ELBO, convergence, and model selection
Gao Wang
2026-05-17
Source:vignettes/elbo_and_convergence.Rmd
elbo_and_convergence.RmdThis vignette covers the evidence lower bound (ELBO) used by mvSuSiE for model fitting and convergence monitoring, and compares the EM and optim algorithms for prior variance estimation.
data(simdata)
X <- simdata$raw$X
n <- nrow(X); p <- ncol(X); r <- 10
causal <- sort(sample(p, 3))
B <- matrix(0, p, r)
for (j in causal) B[j, ] <- rnorm(r, 0, 0.5)
Y <- X %*% B + matrix(rnorm(n * r), n, r)ELBO and convergence
mvSuSiE uses the Iterative Bayesian Stepwise Selection (IBSS) algorithm to maximize the evidence lower bound (ELBO). The ELBO is a lower bound on the log marginal likelihood and should increase monotonically at each iteration.
prior <- create_mixture_prior(R = r)
fit <- mvsusie(X, Y, L = 10,
prior_variance = prior,
tol = 1e-4,
verbose = FALSE)
elbo <- fit$elbo
cat("Iterations:", length(elbo), "\n")
cat("Final ELBO:", tail(elbo, 1), "\n")
pdat <- data.frame(iter = seq_along(elbo), elbo = elbo)
ggplot(pdat, aes(x = iter, y = elbo)) +
geom_line(color = "royalblue") +
geom_point(color = "royalblue", size = 2) +
labs(x = "Iteration", y = "ELBO") +
theme_cowplot(font_size = 12)
# Iterations: 4
# Final ELBO: -8294.175
Effect pruning via log Bayes factors
mvSuSiE fits a model with L single
effects. Effects that do not contribute to the model have small or
negative log Bayes factors (LBF) and are automatically pruned when
estimate_prior_variance = TRUE. This makes the model robust
to over-specification of L.
cat("L =", length(fit$lbf), "single effects\n")
cat("Log Bayes factors:\n")
for (l in seq_along(fit$lbf)) {
pruned <- if (fit$V[l] < 1e-9) " [pruned]" else ""

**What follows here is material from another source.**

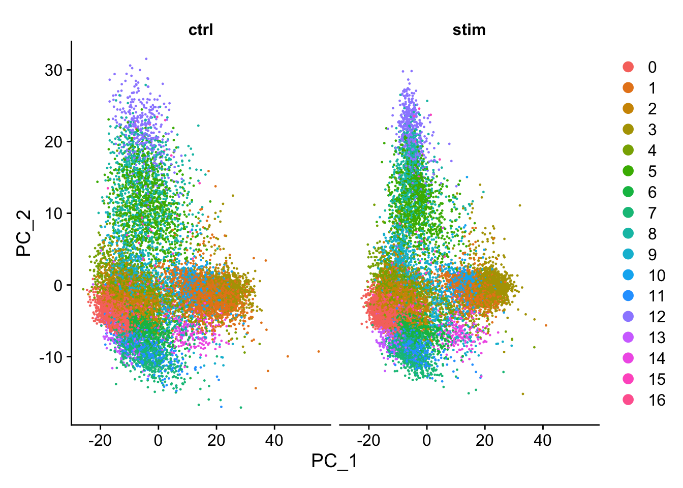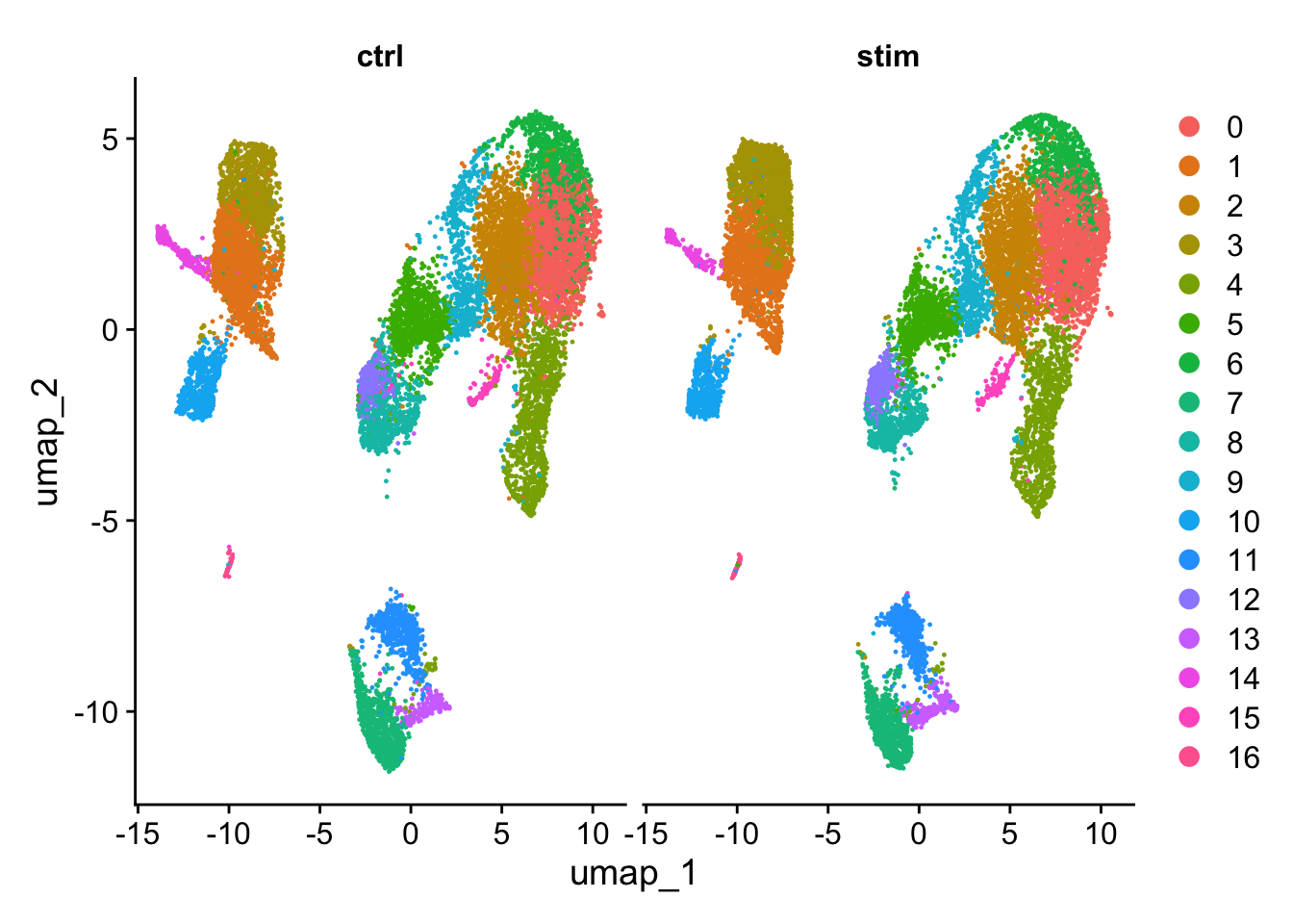 When we compare the similarity between the ctrl and stim clusters in the above plot with what we see using the the unintegrated dataset, it is clear that this dataset benefitted from the integration!

cat(sprintf(" Effect %d: lbf = %8.2f, V = %.4e%s\n",
l, fit$lbf[l], fit$V[l], pruned))
}
# L = 10 single effects
# Log Bayes factors:
# Effect 1: lbf = 178.51, V = 5.8701e-02
# Effect 2: lbf = 105.96, V = 3.6540e-02
# Effect 3: lbf = 49.91, V = 2.0270e-02
# Effect 4: lbf = 0.00, V = 0.0000e+00 [pruned]
# Effect 5: lbf = 0.00, V = 0.0000e+00 [pruned]

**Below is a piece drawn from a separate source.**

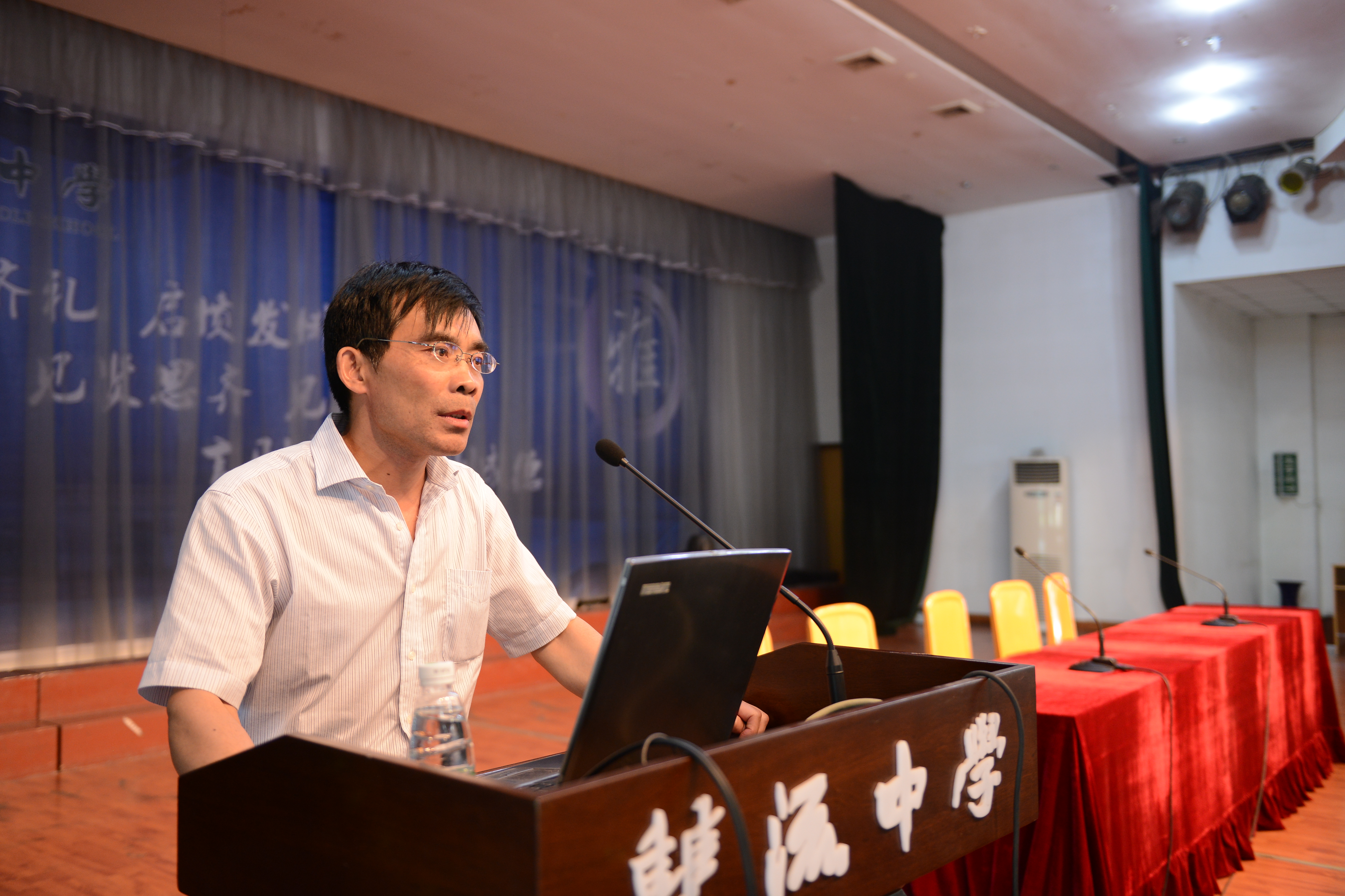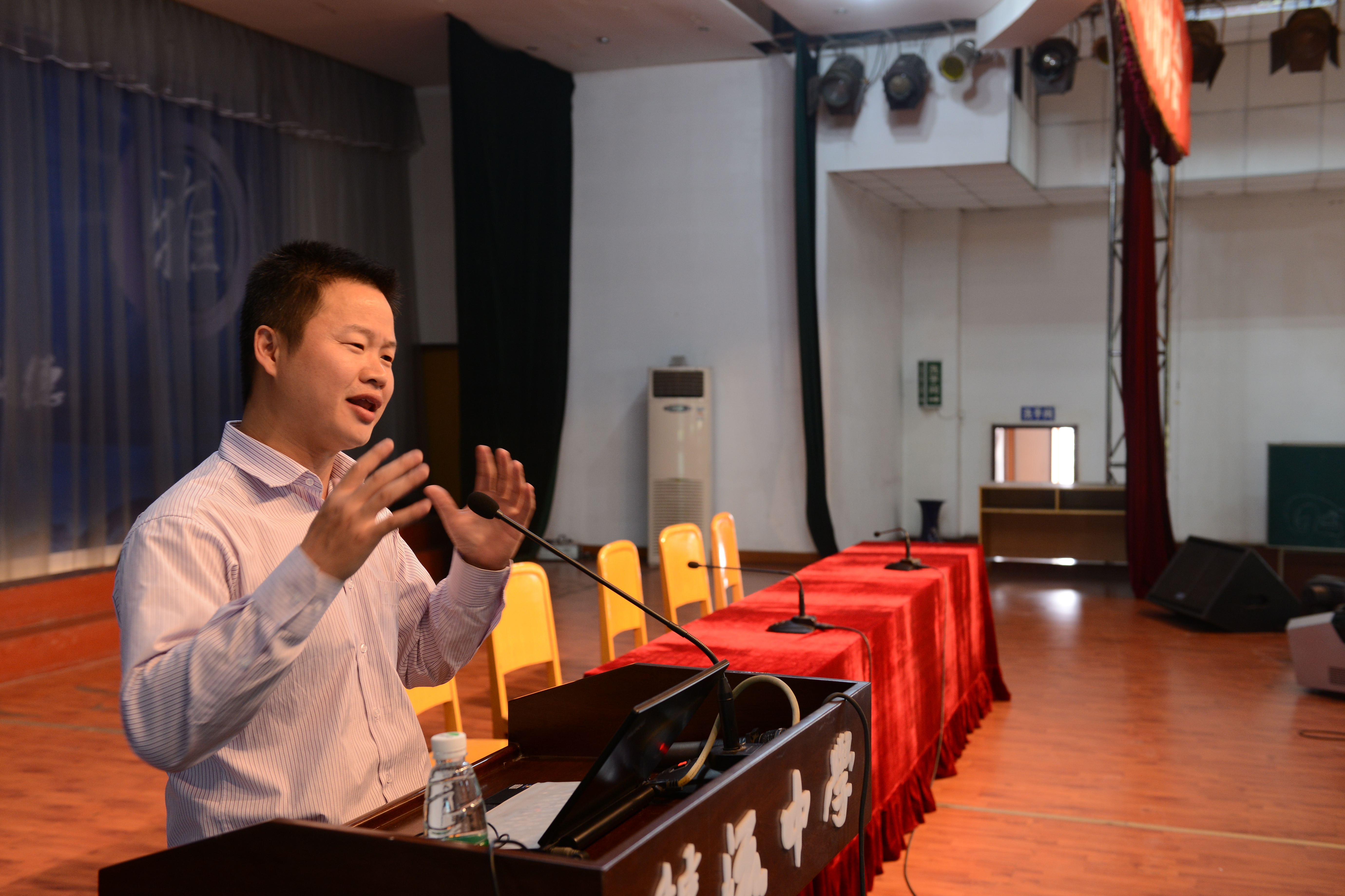 江西金太陽教育教科所所長柏成剛,為大家?guī)砹祟}為《化解教育千千結(jié)——打造高效課堂,追求教育成功》的精彩講座。他剖析了當(dāng)前學(xué)校課堂教學(xué)的各種誤區(qū),提出了打造高效課堂的有效策略,并指出:打造高效課堂的關(guān)鍵是教師的專業(yè)發(fā)展。柏成剛所長的講座充滿激情、幽默風(fēng)趣、深入淺出,會場上不時響起會心的笑聲和熱烈的掌聲。

# Effect 6: lbf = 0.00, V = 0.0000e+00 [pruned]
# Effect 7: lbf = 0.00, V = 0.0000e+00 [pruned]
# Effect 8: lbf = 0.00, V = 0.0000e+00 [pruned]

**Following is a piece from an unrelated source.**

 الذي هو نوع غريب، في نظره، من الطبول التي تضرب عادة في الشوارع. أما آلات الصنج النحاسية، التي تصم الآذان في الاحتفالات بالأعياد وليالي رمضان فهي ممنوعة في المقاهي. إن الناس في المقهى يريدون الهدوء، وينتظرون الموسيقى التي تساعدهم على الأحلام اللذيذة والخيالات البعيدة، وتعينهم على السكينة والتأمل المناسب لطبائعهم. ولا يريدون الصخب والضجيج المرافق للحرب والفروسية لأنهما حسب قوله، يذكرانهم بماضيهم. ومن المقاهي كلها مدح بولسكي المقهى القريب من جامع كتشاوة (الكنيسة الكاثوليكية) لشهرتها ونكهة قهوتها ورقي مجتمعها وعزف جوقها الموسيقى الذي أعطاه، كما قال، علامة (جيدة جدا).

# Effect 9: lbf = 0.00, V = 0.0000e+00 [pruned]
# Effect 10: lbf = 0.00, V = 0.0000e+00 [pruned]
lbf_dat <- data.frame(effect = seq_along(fit$lbf),
lbf = fit$lbf,
active = fit$V > 1e-9)
ggplot(lbf_dat, aes(x = effect, y = lbf, fill = active)) +
geom_col() +
scale_fill_manual(values = c("gray70", "royalblue"),
labels = c("Pruned", "Active")) +
labs(x = "Single effect", y = "Log Bayes factor", fill = "") +
theme_cowplot(font_size = 12)
EM vs optim for prior variance estimation
The estimate_prior_variance option (default
TRUE) allows mvSuSiE to estimate a scalar multiplier for
the prior. mvSuSiE provides two algorithms for estimating the prior
variance scaling factor: "EM" (expectation-maximization)
and "optim" (Brent optimizer). The optim method typically
converges in fewer iterations because it directly maximizes the ELBO
with respect to the prior scaling factor at each iteration.
fit_em <- mvsusie(X, Y, L = 10,
prior_variance = prior,
estimate_prior_method = "EM",
tol = 1e-4, verbose = FALSE)
# WARNING: IBSS algorithm did not converge in 100 iterations!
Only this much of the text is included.